**Data:**

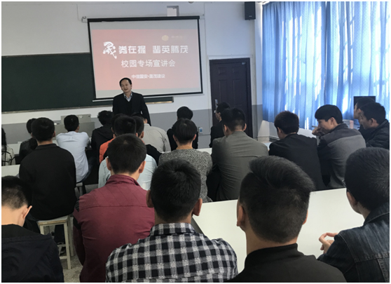 10月31日下午,四川省晟茂建设有限公司人力行政总监李权生、招聘培训主管缪皓洁来到太阳成集团tyc122cc召开专题招聘会,检验校企合作的结晶——15级晟茂订单班的学习成果,进一步加强校企之间的紧密联系,稳定推进校企交流与合作。
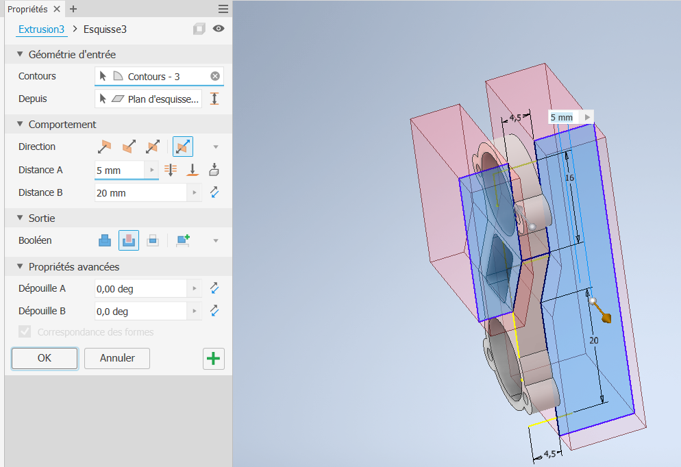 Attention à bien fermer vos contours. Cette fois-ci il s'agit de faire une extrusion en ôtant de la matière et non en en rajoutant.
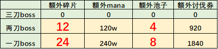 首通普通boss给10讨伐证首通困难boss给20讨伐证,vhBOSS给40H本每天掉落90券。
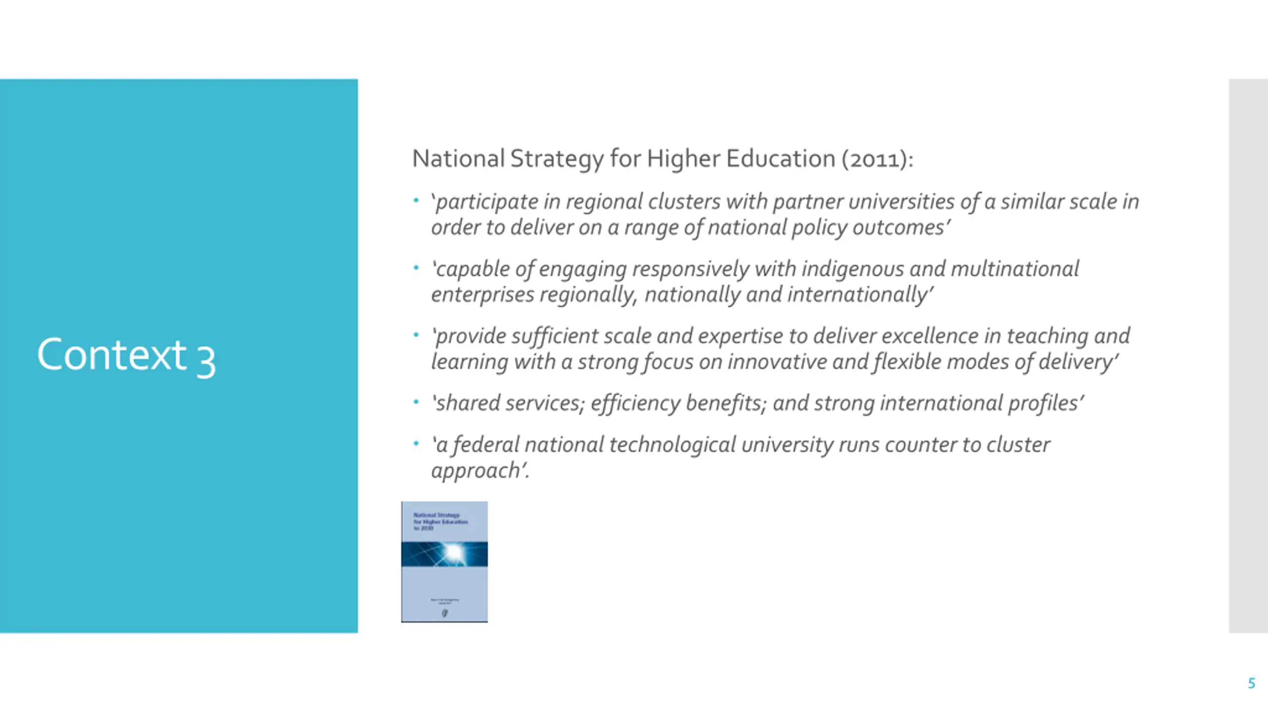 National Strategy for Higher Education (2011): participate in regional clusters with partner universities of a similar scale in order to deliver on a range of national policy outcomes capable of engaging responsively with indigenous and multinational enterprises regionally, nationally and internationally provide sufficient scale and expertise to deliver excellence in teaching and learning with a strong focus on innovative and flexible modes of delivery Context 3 shared services; efficiency benefits; and strong international profiles a federal national technological university runs counter to cluster approach . 5

**Instructions to follow:** Take the material above from its first line through the line holding "首通普通boss给10讨伐证" and set it down exactly, without the pictures.

**Solution to this problem:**
 10月31日下午,四川省晟茂建设有限公司人力行政总监李权生、招聘培训主管缪皓洁来到太阳成集团tyc122cc召开专题招聘会,检验校企合作的结晶——15级晟茂订单班的学习成果,进一步加强校企之间的紧密联系,稳定推进校企交流与合作。
 Attention à bien fermer vos contours. Cette fois-ci il s'agit de faire une extrusion en ôtant de la matière et non en en rajoutant.
 首通普通boss给10讨伐证首通困难boss给20讨伐证,vhBOSS给40H本每天掉落90券。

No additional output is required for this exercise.